A crisis of social reproduction is more than a grave threat to the existing social order, because there’s no guarantee that the alternative that will emerge is an improvement. More than anyone else, the left should know well that social collapse does not mean one’s preferred ideology will rise from the ashes. A focus on social reproduction has some implications for how we might combat hate and promote our solutions to this crisis proactively, and as part of a broader political coalition.

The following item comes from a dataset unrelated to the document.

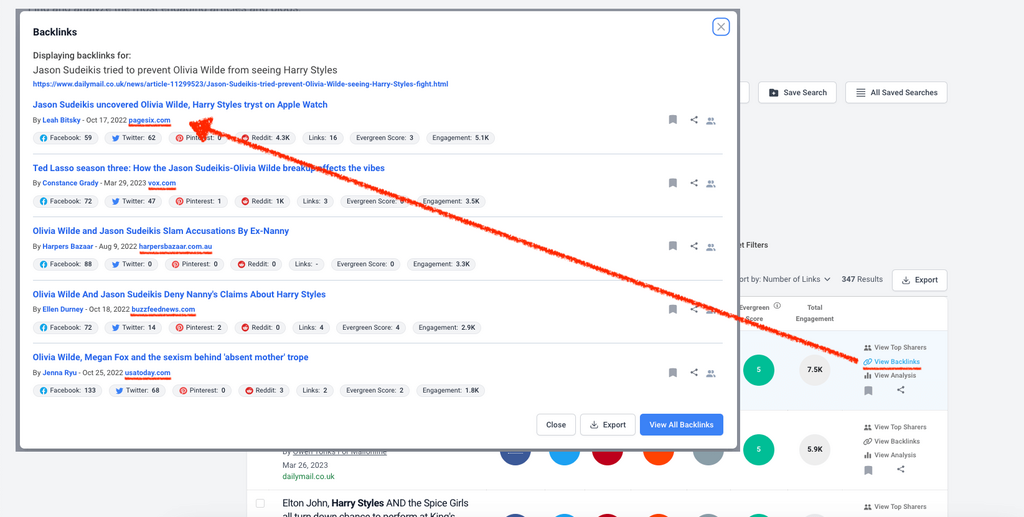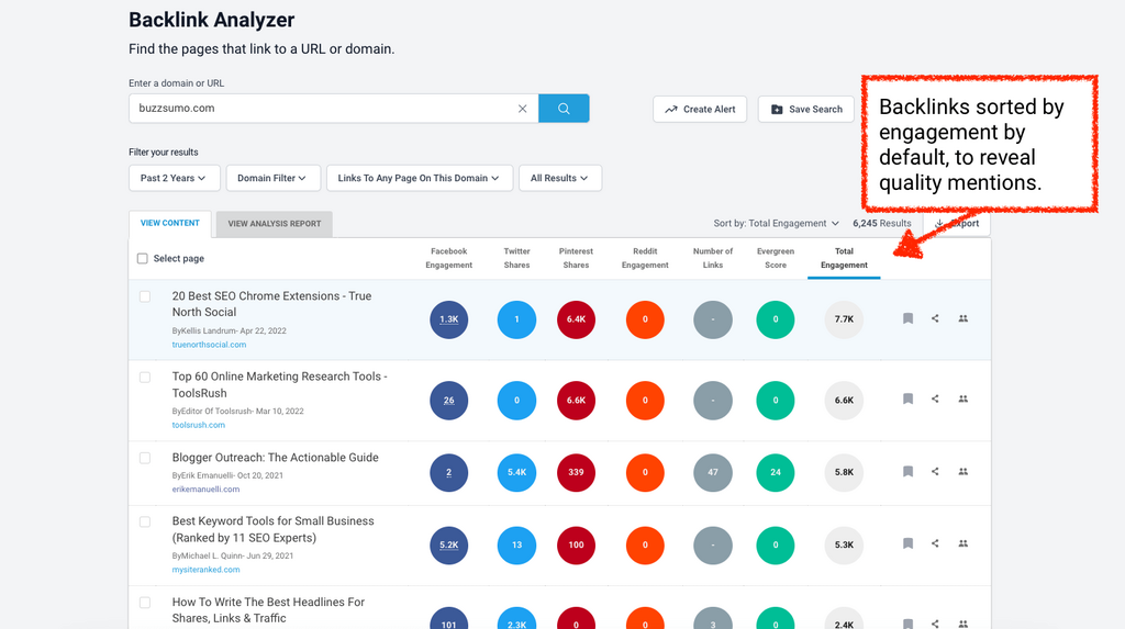 At BuzzSumo, we contextualize all our backlinks with engagement data, to help you prioritize your most engaging coverage.
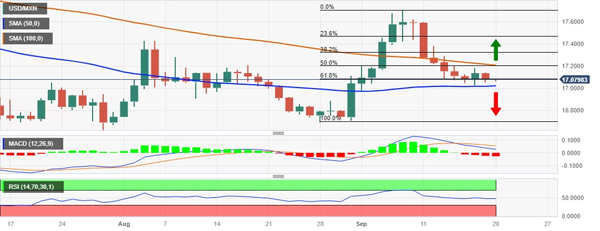 周三亚洲时段,美元/墨西哥比索仍处于守势,目前位于 17.0760-17.0755 区域附近,代表自 8 月月度波动低点反弹的 61.8% 斐波那契回撤位。然而,现货价格设法守住周一触及的两周低点和 50 日简单移动平均线 (SMA) 上方,该平均线位于 17.0235 区域附近,这应该成为备受期待的 FOMC 会议之前的一个关键点。

Xenophobia and transphobia promise to protect people’s ability to reproduce their conceptions of America (or Britain or Germany) and womanhood. But while these concepts can be interlinked to everything about our lives, they aren’t the most important parts of who we are. The right promises you’ll feel like a man again? The left can give you more time with your family and friends thanks to a shorter work week. The right claims to “know what a woman is”— the left believes women should still be able to have jobs and bank accounts without their husbands’ permission. The right promises to protect you from immigrants “taking jobs”— the left can offer a world where you can pursue the job you want to without constantly pleading for the market to offer you an opportunity. The right promises you will be able to recreate the kind of person you believe you are and force your children into the same mold. The left can make it easier for you and your family to become who you want to be— to reproduce not the categories you have been given but the communities and convictions you have chosen.